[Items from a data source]
◆ ◆ ◆ ◆ ◆ ◆ ◆

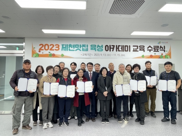 [충청뉴스큐] 2023년도 제천맛집 육성 아카데미 수료식이 15일 제천어번케어센터에서 열렸다.
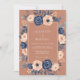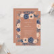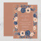 This design showcases deep navy blue roses and creamy white anemones set against a warm sienna background. The arrangement includes delicate dusty blue berries and foliage that surround the central area. It offers a sophisticated and moody aesthetic ideal for a late season or autumn event.
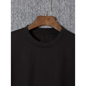 LB Ön Arka Baskılı Oversize Bisiklet Yaka Yazlık T-shirt - Siyah
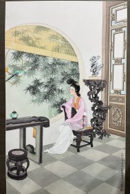 已故著名画家王叔晖早期工笔人物一幅
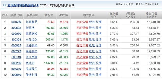 从持仓来看,富国新材料新能源的前三大行业分别是电子、汽车、电力设备,占比较高,前十大重仓股集中度在57.43%左右。
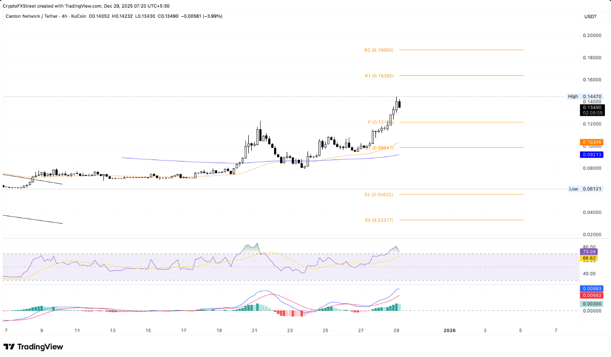 Vào thời điểm viết bài hôm thứ Hai, Canton giảm 4%, mở đầu tuần trên sắc đỏ sau khi vừa ghi nhận mức tăng ấn tượng 23% vào Chủ Nhật. Đợt điều chỉnh này, nối tiếp chuỗi ba ngày tăng liên tiếp, đang đặt áp lực kiểm định lại Pivot Point trung tâm tại $0,1215 trên khung 4 giờ, trước khi hướng tới mốc tâm lý quan trọng $0,1000.
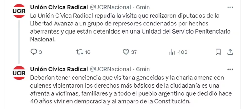 “Deberían tener conciencia que visitar a genocidas y la charla amena con quienes violentaron los derechos más básicos de la ciudadanía es una afrenta a víctimas, familiares y a todo el pueblo argentino que decidió hace 40 años vivir en democracia y al amparo de la Constitución”, publicó la UCR en su cuenta de X.
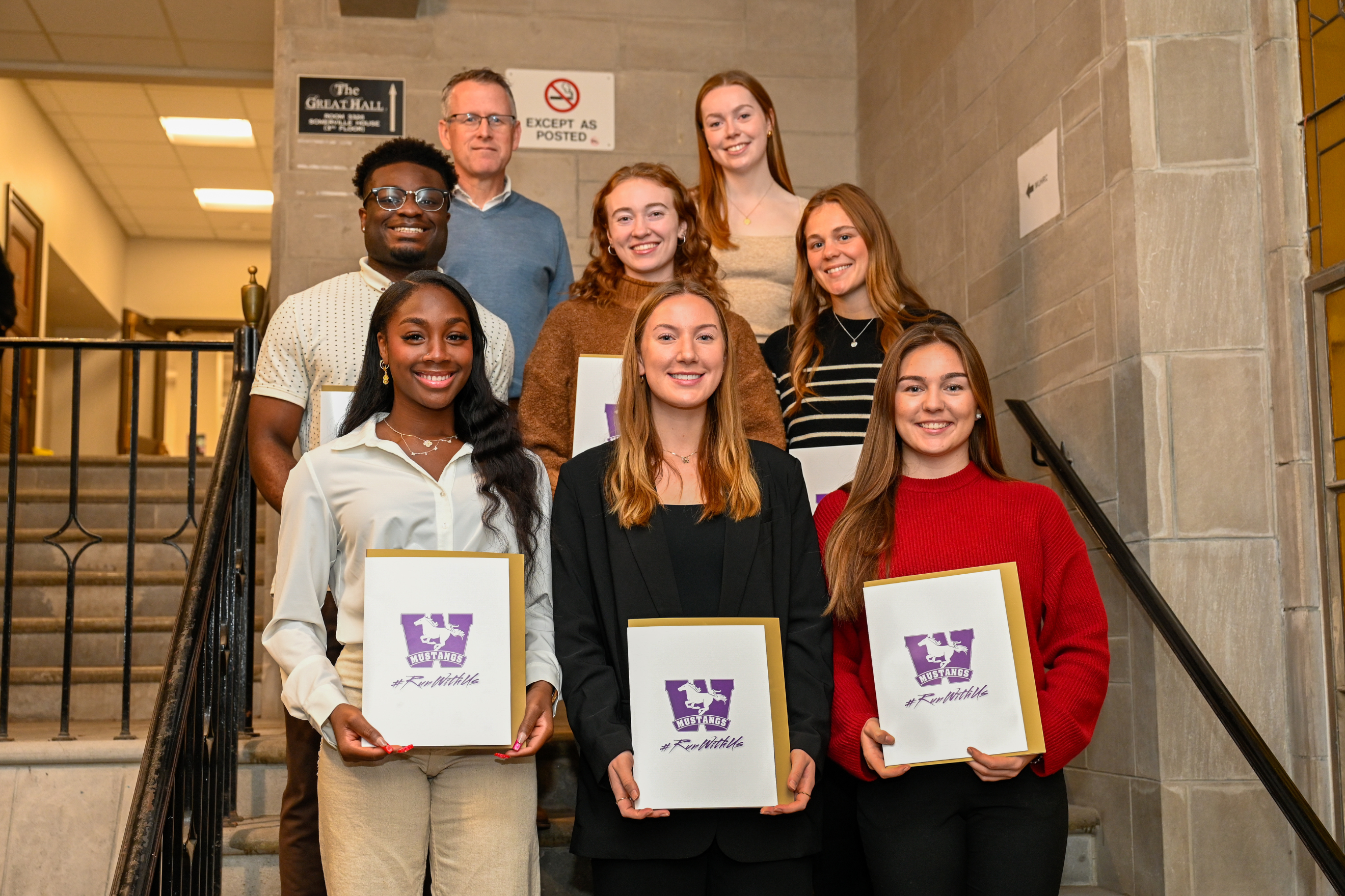 For two years in a row, King's student-athletes Shona Branton (women's swimming) and Treye Trotman (men's wrestling) earned the Female and Male Athlete of the Year Awards at the annual Mustangs awards. At the most recent Mustangs Honours Breakfast, 28 King’s students were recognized as Mustang Scholars. Approximately 75 players on the current Western Mustangs football team are King's student-athletes.
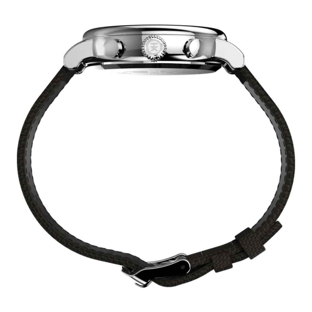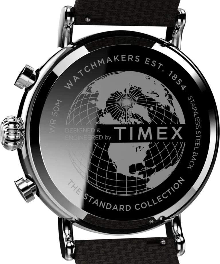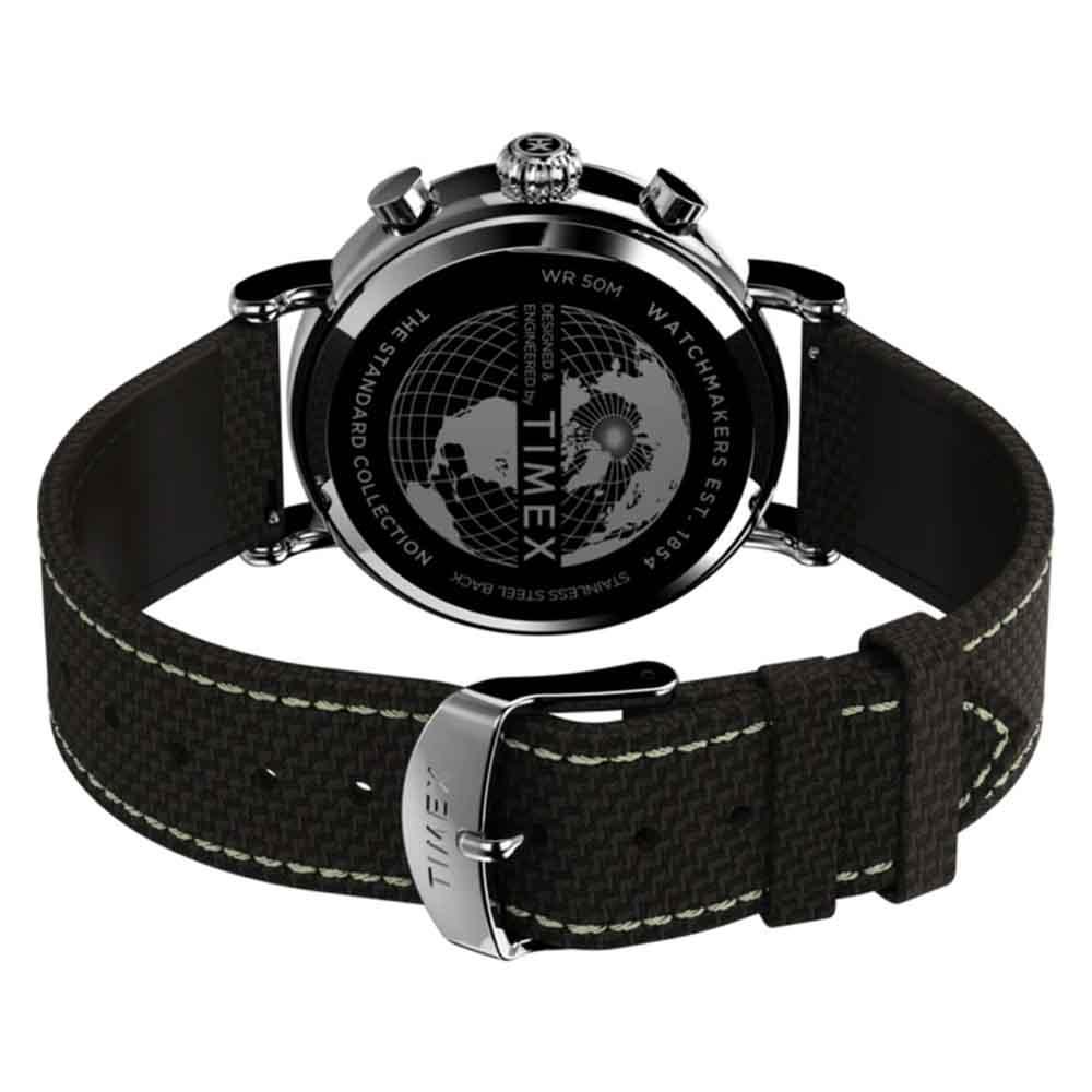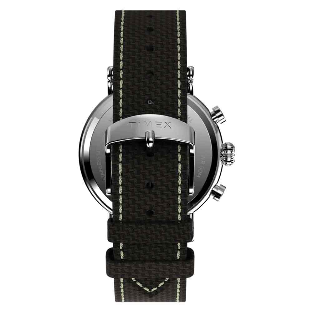 ساعت مچی مردانه کرنوگراف تایمکس مدل TW2V43800 طراحی شده از جنس بدنه ی استیل ضدزنگ و بند پارچه ای است. این ساعت دارای قطر صفحه 41 میلی متر است و تا عمق 50 متر مقاوم در برابر آب.

◆ ◆ ◆ ◆ ◆ ◆ ◆

What is needed is an exact retyping of the lines from the start of the data through the line with "This design showcases", with both end lines kept and every picture left out.

» **Result of this exercise**
 [충청뉴스큐] 2023년도 제천맛집 육성 아카데미 수료식이 15일 제천어번케어센터에서 열렸다.
 This design showcases deep navy blue roses and creamy white anemones set against a warm sienna background. The arrangement includes delicate dusty blue berries and foliage that surround the central area. It offers a sophisticated and moody aesthetic ideal for a late season or autumn event.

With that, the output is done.